%%

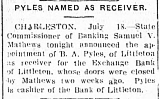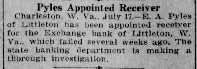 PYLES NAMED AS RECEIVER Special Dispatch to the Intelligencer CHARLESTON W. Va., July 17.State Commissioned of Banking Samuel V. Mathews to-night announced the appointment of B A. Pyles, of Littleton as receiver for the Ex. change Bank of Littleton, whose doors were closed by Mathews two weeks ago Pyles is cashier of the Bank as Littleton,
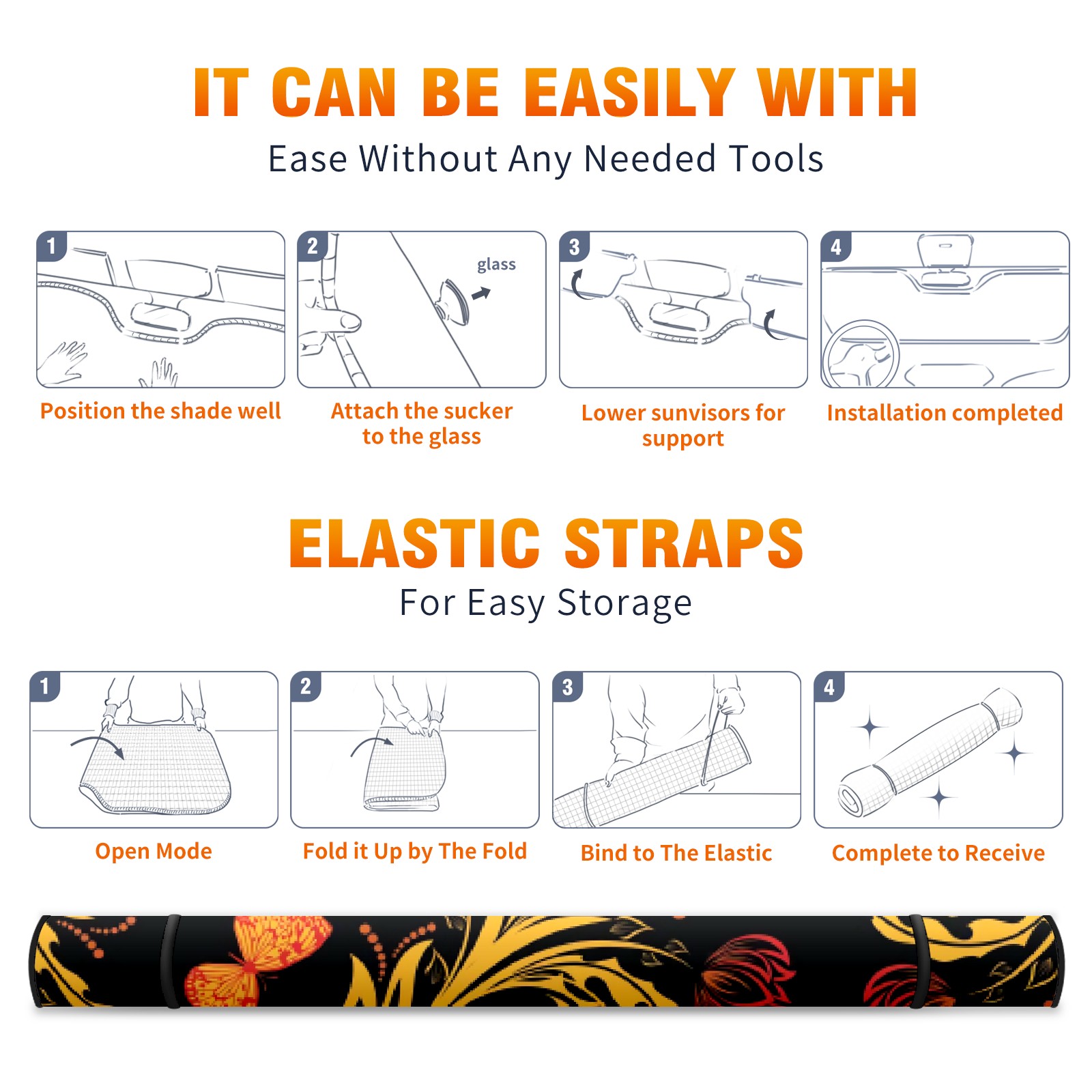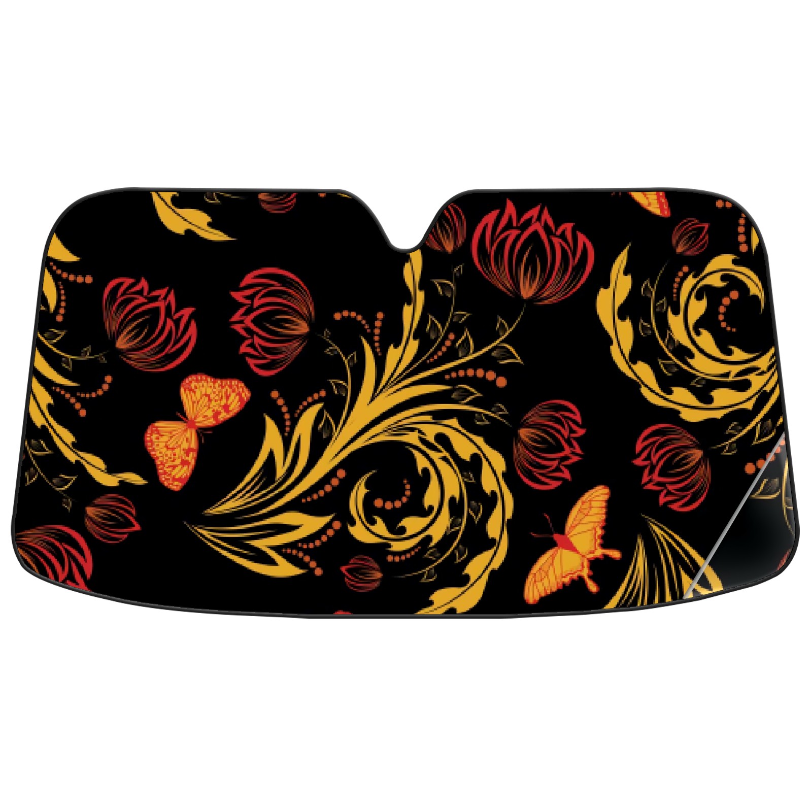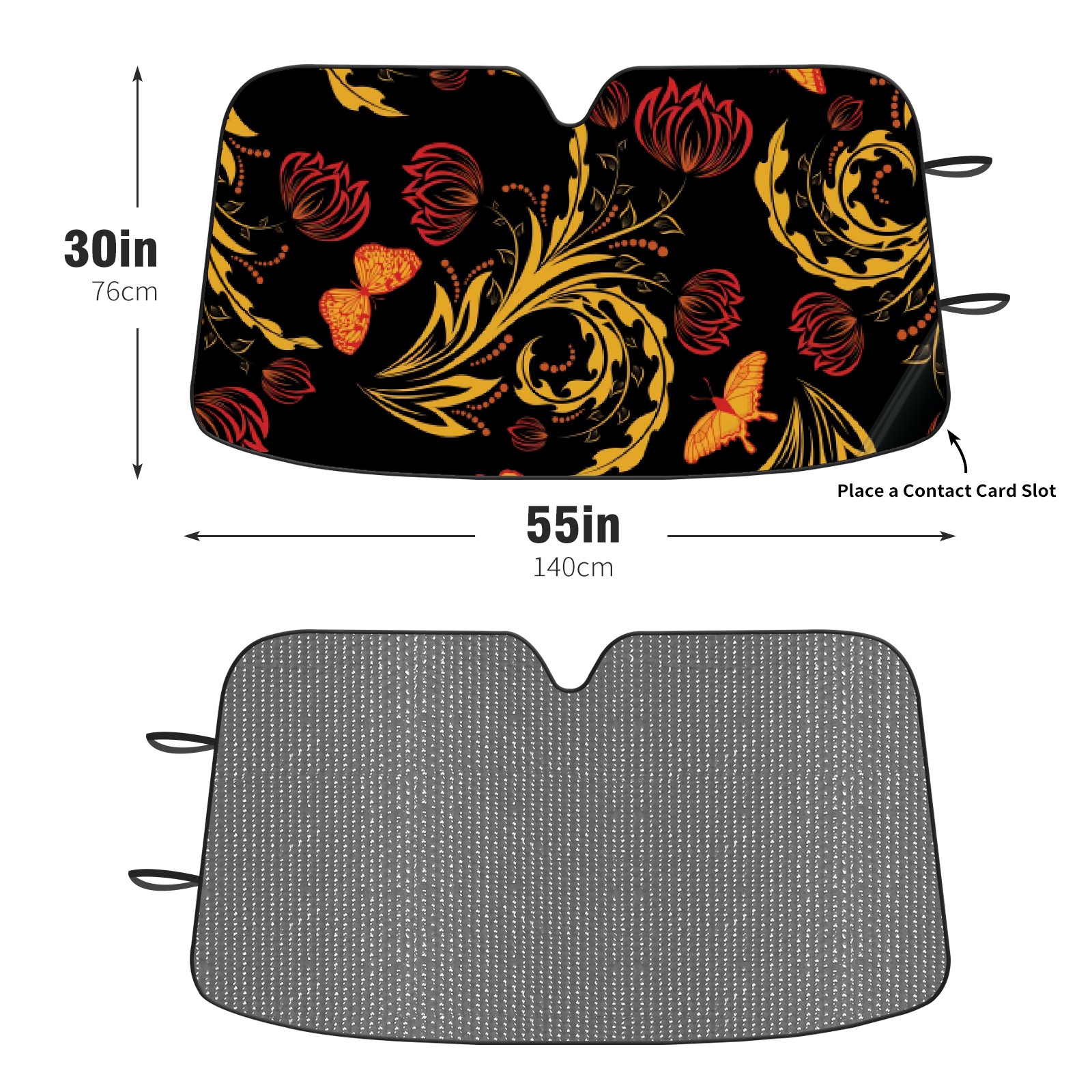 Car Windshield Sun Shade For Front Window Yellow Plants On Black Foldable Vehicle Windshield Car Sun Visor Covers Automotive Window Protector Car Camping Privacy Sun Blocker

%%
%%

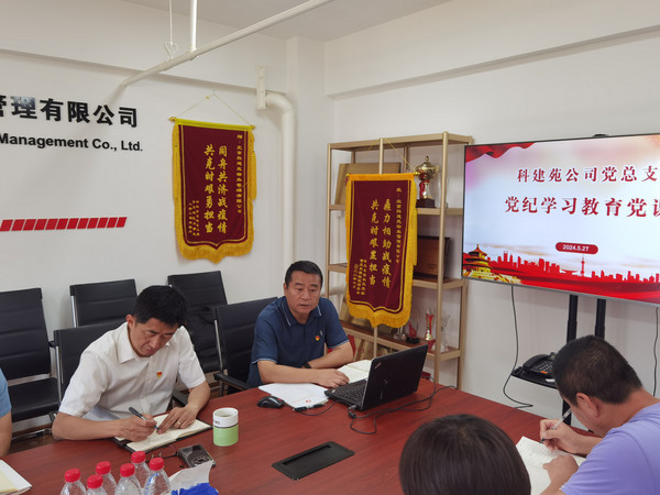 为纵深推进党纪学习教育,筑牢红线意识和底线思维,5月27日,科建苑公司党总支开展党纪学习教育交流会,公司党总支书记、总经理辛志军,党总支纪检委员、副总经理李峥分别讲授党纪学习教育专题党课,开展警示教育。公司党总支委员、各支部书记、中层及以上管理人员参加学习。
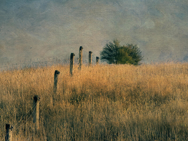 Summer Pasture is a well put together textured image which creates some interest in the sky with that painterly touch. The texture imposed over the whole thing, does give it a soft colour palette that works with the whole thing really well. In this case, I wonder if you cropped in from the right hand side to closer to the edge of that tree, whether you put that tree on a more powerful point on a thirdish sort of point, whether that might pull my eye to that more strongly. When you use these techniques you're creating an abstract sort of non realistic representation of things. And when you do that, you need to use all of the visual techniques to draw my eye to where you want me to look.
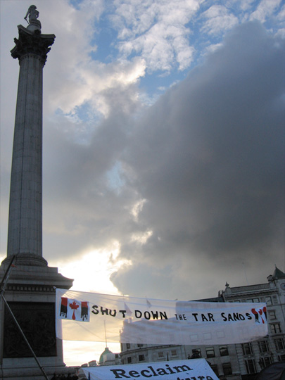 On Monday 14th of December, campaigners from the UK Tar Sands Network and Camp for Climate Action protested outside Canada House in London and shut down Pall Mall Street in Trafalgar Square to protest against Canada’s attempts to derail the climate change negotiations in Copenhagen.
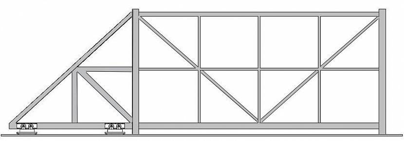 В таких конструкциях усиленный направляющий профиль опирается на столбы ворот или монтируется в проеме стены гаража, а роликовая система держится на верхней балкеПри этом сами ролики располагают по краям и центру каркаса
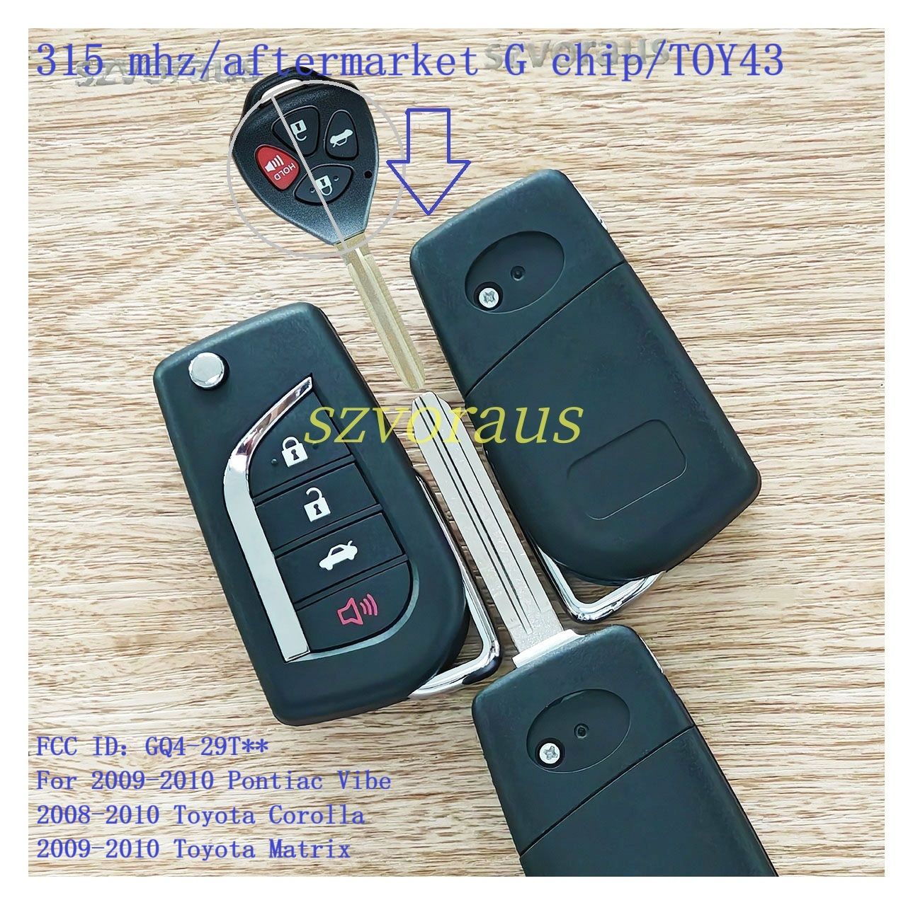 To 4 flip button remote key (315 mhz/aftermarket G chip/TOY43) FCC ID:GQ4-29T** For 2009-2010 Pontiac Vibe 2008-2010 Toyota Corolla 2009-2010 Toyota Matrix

%%
%%

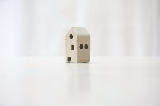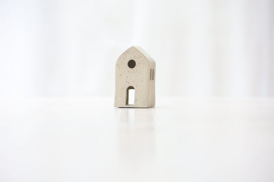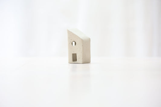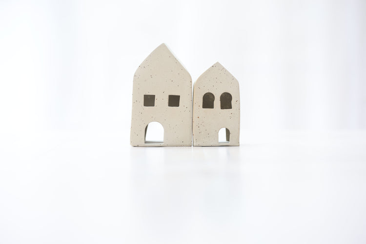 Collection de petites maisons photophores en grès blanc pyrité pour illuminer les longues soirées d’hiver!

%%

> _Task requirements_:
Output exactly the lines of the listing above that start with the one holding "PYLES NAMED AS" and go on through the one holding "Car Windshield Sun"; leave the pictures out.

> _Answer to this problem_:
 PYLES NAMED AS RECEIVER Special Dispatch to the Intelligencer CHARLESTON W. Va., July 17.State Commissioned of Banking Samuel V. Mathews to-night announced the appointment of B A. Pyles, of Littleton as receiver for the Ex. change Bank of Littleton, whose doors were closed by Mathews two weeks ago Pyles is cashier of the Bank as Littleton,
 Car Windshield Sun Shade For Front Window Yellow Plants On Black Foldable Vehicle Windshield Car Sun Visor Covers Automotive Window Protector Car Camping Privacy Sun Blocker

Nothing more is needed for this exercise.